"Cruel" Fate for "Manchester Prep"

Fox axes never-aired, Cruel Intentions-esque teen drama

By Joal Ryan Oct 07, 1999 9:00 PMTags
Looks like a case of premature eviction for the randy TV version of teen sex drama Cruel Intentions.

Manchester Prep, due to kick off Fox's Thursday nights starting in December, was axed by the fourth-place network Wednesday.

Fox said those ever-pesky "creative differences" (with Columbia TriStar, the studio behind the series) doomed the show. No word on whether its two in-the-can episodes will ever make it to air, although that's considered a dim prospect.

The hourlong drama series is the second formal casualty of the fall season, after NBC's Mike O'Malley Show (which got the hook after only two outings). ABC previously pulled the never-broadcast romantic sitcom Then Came You from the fall lineup, but promised to bring it back at midseason.

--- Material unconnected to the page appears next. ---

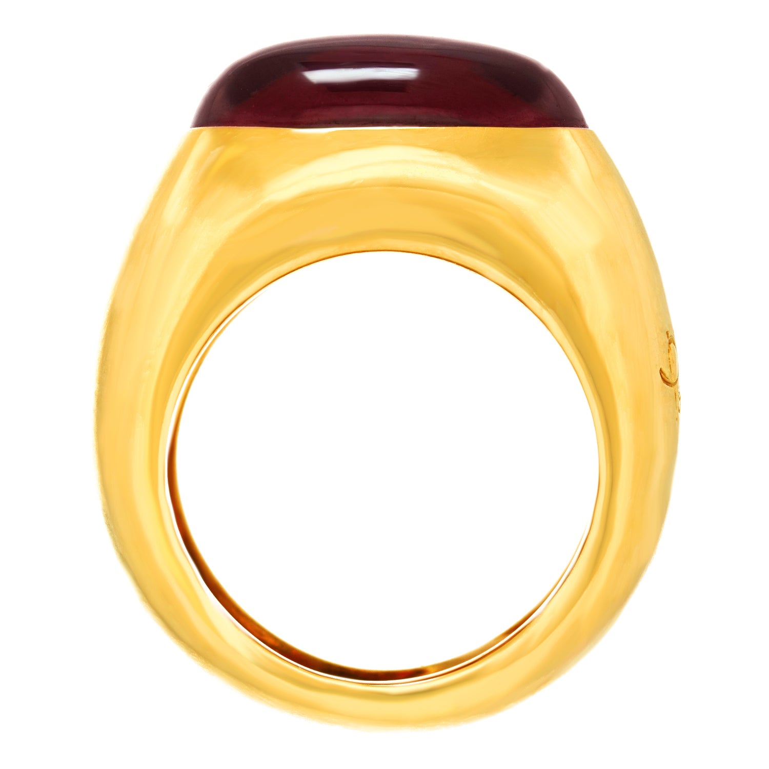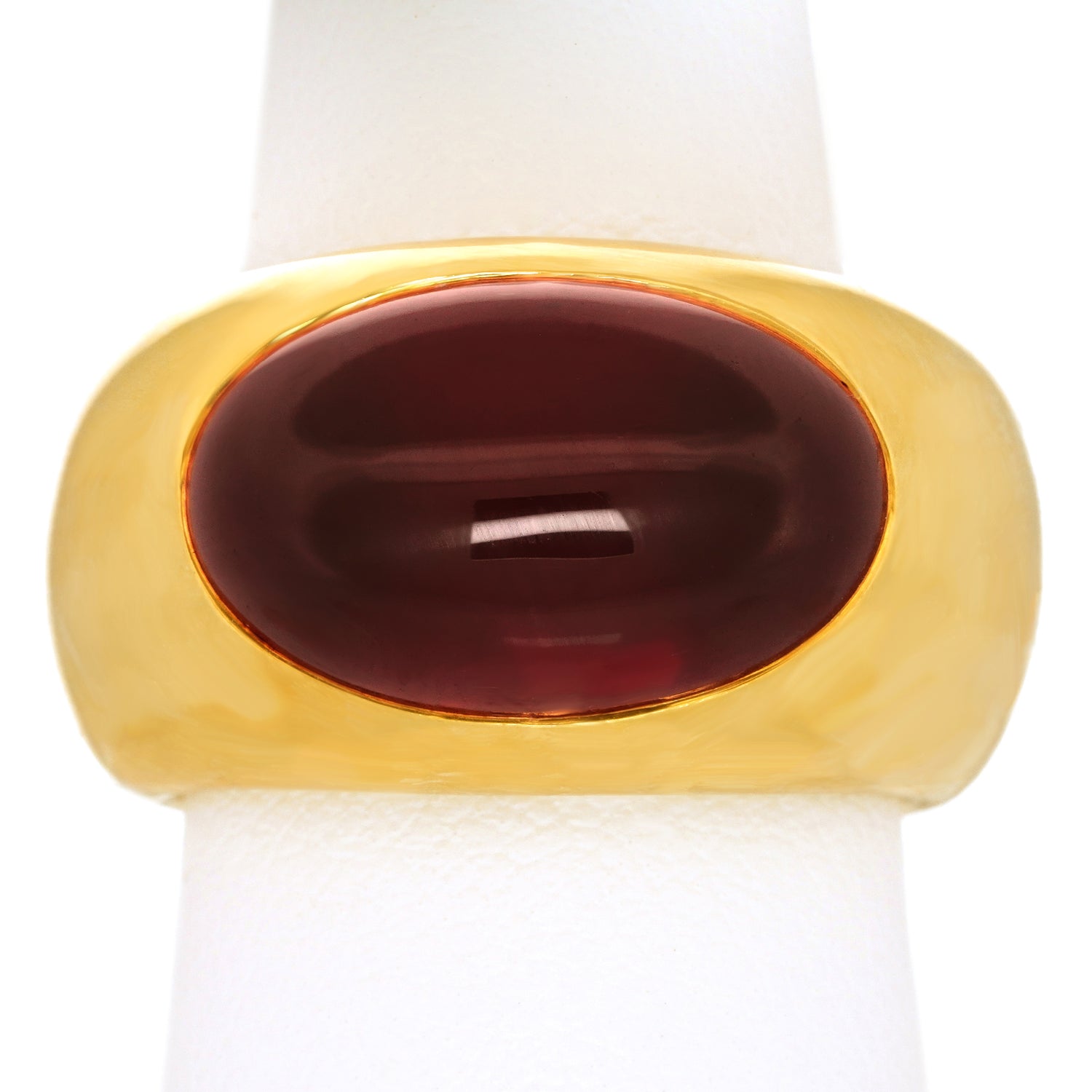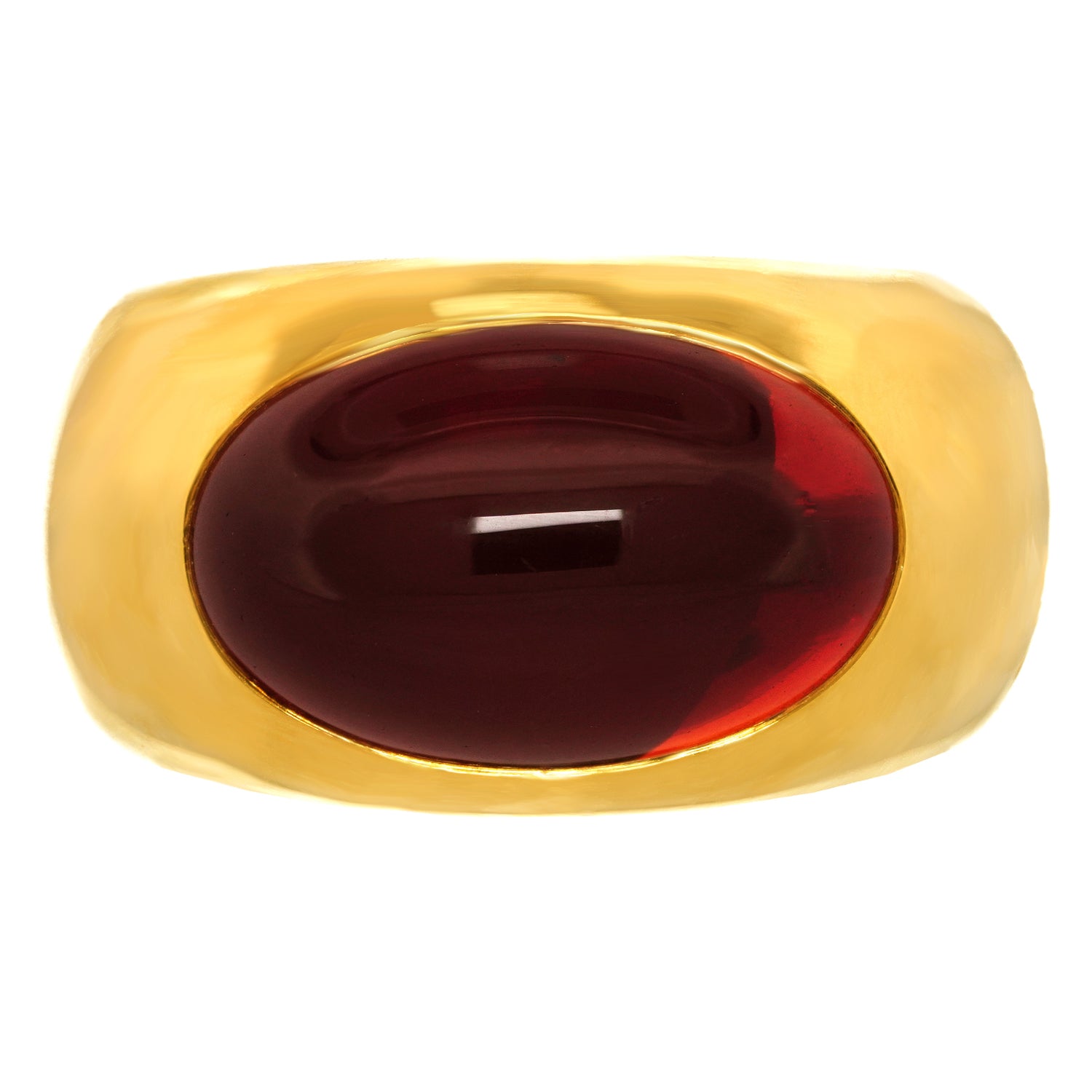 Circa 1990s, 18k, by Pomellato, Italy.  This wide yellow gold ring features a rich cabochon garnet. The look is breezy casual, at its sleek and chic Pomellato best. Pair it with your favorite cashmere sweater or white tee and big sunglasses! Heavy and well-made, it is comfortable and in excellent condition.

Manchester Prep, starring (as is the current fashion) a gaggle of telegenic and mostly anonymous young things, was to revolve around the high-powered--and sexually charged--goings on at an elite New York private school. The main characters were culled from the 1999 movie, Cruel Intentions, starring Sarah Michelle Geller and Ryan Phillippe. (That flick itself was drawn from the classic French novel, Les Liaisons Dangereuses, not to mention umpteen stage and film spinoffs.)

Just as Cruel Intentions was criticized for being a teen-friendly R-rated movie, Manchester Prep was raising eyebrows for being a so-called "family hour" show (positioned in the 8-9 p.m. time slot) with eyebrow-raising plot devices.

The most infamous Manchester bit involved the opening moments of the show's pilot--wherein a teen girl ogles her stepbrother through the shower and comments on his, er, member.

"Sex will play a part in it," executive producer Roger Kumble said in defending his series (and that scene) at press conference last July, "but I'm not trying to break new ground in television...I don't think I'm going to be any more risque than a Dawson's Creek episode."

Kumble, who wrote and directed Cruel Intentions, likened his project to a "Teen Dynasty."

The difference? Dynasty (the adult version) ran eight years. Manchester Prep ran less than zero. The show never had a chance. After items about the shower scene broke in the papers, Fox sent the show back to the shop for retooling.